Валя не стала ее удерживать, просто сказала:
– Ну что ж, надо так надо. Еще придете?
– Обязательно. Я очень рада, что познакомилась с вами.
– Я тоже.
– Может быть, я смогу что-нибудь сделать для вас? Книги достать или еще что-нибудь.
– Очень даже можете, – засмеялась Валя. – Я бы и сама попросила вас об этом. Знаете, не так книги мне сейчас нужны, как пластинки. Музыка для меня – хлеб номер один.
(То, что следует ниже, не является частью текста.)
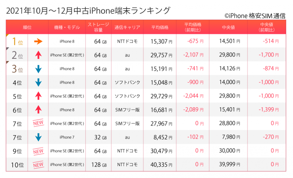 iPhone 13シリーズの発売により、買い替え需要が高まり、発売から時間が経っていたiPhone SE(第2世代)が中古市場に出てきたことで、大きな順位変動が見られました。
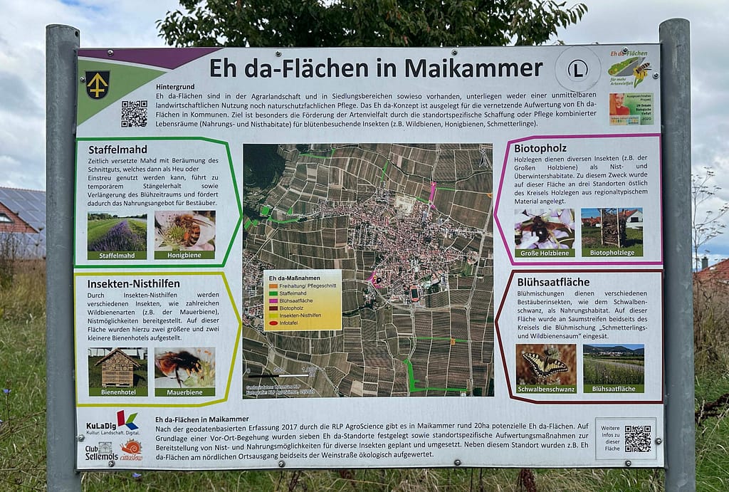 Nachfolgende Bilder zeigen Informationstafeln, die die eh-da Flächen und Maßnahmen in den jeweiligen Orten darstellen. So etwas würden wir uns auch für Altrip wünschen.

Я списочек приготовлю, не пугайтесь, если длинным покажется. Купите, что сможете.
– Постараюсь.
Шагая по серой невидимой дороге, Ольга думала – как приятно ошиблась она, узнав эту девушку с очень обыкновенным, ничем непримечательным лицом. Ожидала встретить стандартные жалобы на скуку деревенской жизни, шаблонную тоску по городу, и вдруг – человек, для которого слова «долг», «служение», «совесть» оказались не только словами. А впрочем, почему же «вдруг»? Что удивительного в этой встрече? Не притворяйся, девочка Оля. Ты-то вряд ли смогла бы так. Даже наверняка не смогла бы – вот почему и «вдруг». А ведь ты тоже не хотела быть одной из многих... Но для этого тебе пришлось уехать в город, а Вале – приехать сюда. Она-то действительно стала одной из немногих, а ты?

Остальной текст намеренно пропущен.